Query builder is a class whose main task is to construct raw SQL queries. This is the building block of any ORMs, so it is one of the most important parts to understand.

You probably have seen one these. In Laravel for instance, this code will be transformed into an executable SQL query, which makes the development process much easier.

DB::table('users')->where('name', 'John')->first();
// SELECT * FROM users WHERE name = 'John' LIMIT 1;

SQL is complicated, and as a developer, we don't want to work with complicated stuff. Just let the library do the heavy-lifting for us.

Writing query builder is the first thing I did for this project. For sure, it's not an easy thing to do. There are a lot of things that I need to learn about SQL to just implement this feature. But overall, I really enjoy it.

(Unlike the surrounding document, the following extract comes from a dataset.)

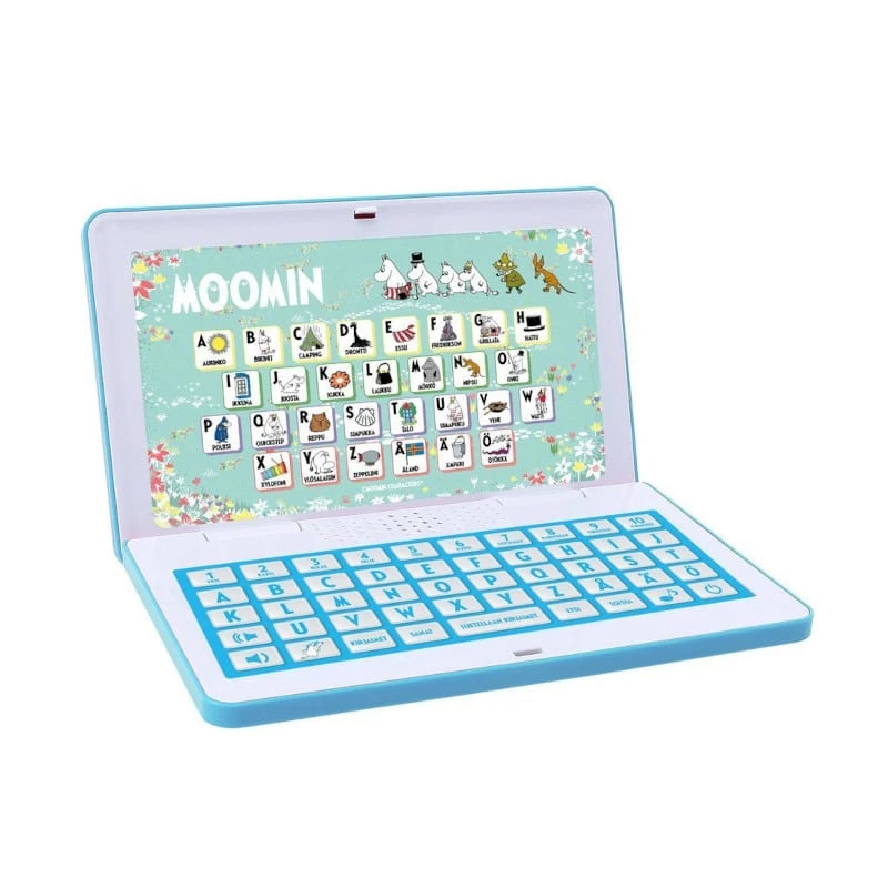 Hauska Muumi-aiheinen läppäri opettaa lapselle numeroita ja kirjaimia sekä sanoja ja tavaamista. Iloinen musiikki viihdyttää leikkivää lasta.

The first version of Cotton's query builder can only build queries with WHERE and LIMIT constraints, which is very terrible. But this feature is growing very quickly and more and more constraints are implemented to Cotton as time goes by.

Turns out, making the query builder itself is not as hard as I imagine. The difficult part, however, is implementing all available query constraints to it. But for me, it's just a matter of time until we cover them all.

In Cotton, the query builder is accessible via queryBuilder once you connected to your database using the connect function.

const db = await connect({
	type: "sqlite",
	database: "./db.sqlite3",
})

// SELECT * FROM users WHERE email = 'a@b.com' LIMIT 5;
await db.queryBuilder("users").where("email", "a@b.com").limit(5).execute()

If you don't want to execute the query and only want to get the raw SQL statement, you can use the toSQL method.

// SELECT * FROM users WHERE email = 'a@b.com' LIMIT 5;
const sql: string = db
	.queryBuilder("users")
	.where("email", "a@b.com")
	.limit(5)
	.toSQL()

Database Adapter

The database adapter allows you to work with different types of databases while using the same code structure. Sometimes, you want to develop your apps on your local machine using SQLite, because it's very convenient to setup. However, when you deploy your app to the production environment, you want to use a different kind of database that can handle more heavy stuff such as PostgreSQL or MySQL.

Each database has its own unique way to connect and perform queries, even though they use the same query language, which is SQL.

So the job of the database adapter is to handle that thing for you. You write your code once but use it anywhere without needing to change anything.

Currently, Cotton supports 3 popular databases: MySQL, PostgreSQL, and SQLite. At this point I'm going to focus on these three before jumping to things like Oracle.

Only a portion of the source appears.